What the task asks >>
From the data that follows, set down exactly the lines from the one with "开拓者首轮16号秀杨瀚森 登场7.2分钟" through the one with "윤재옥 국민의힘 원내대표가", counting both. Pictures stay out.

Extracted records >>

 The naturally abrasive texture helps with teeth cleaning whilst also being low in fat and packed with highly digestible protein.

* * *

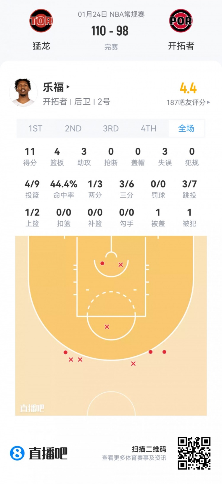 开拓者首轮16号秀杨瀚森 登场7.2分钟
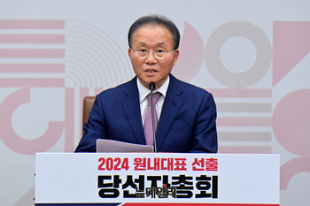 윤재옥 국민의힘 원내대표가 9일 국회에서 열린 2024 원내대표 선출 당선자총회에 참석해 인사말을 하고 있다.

---

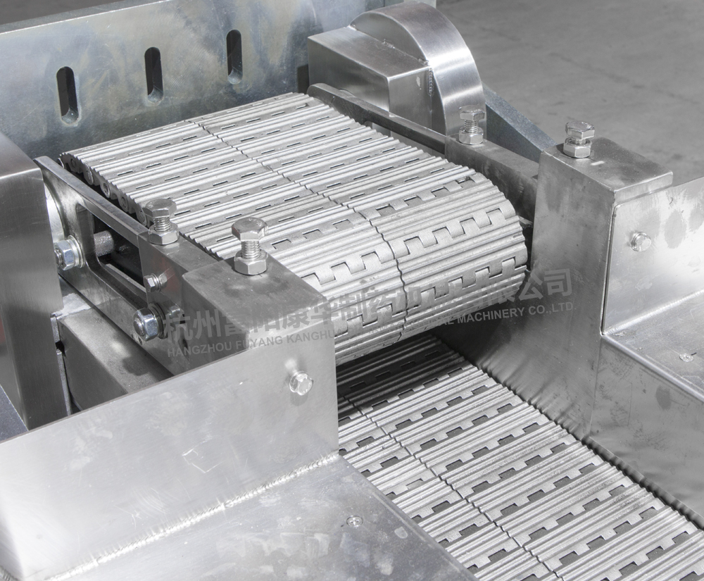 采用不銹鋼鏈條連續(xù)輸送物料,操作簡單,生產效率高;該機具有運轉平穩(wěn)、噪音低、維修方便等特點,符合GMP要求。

Exercise result >>
 开拓者首轮16号秀杨瀚森 登场7.2分钟
 윤재옥 국민의힘 원내대표가 9일 국회에서 열린 2024 원내대표 선출 당선자총회에 참석해 인사말을 하고 있다.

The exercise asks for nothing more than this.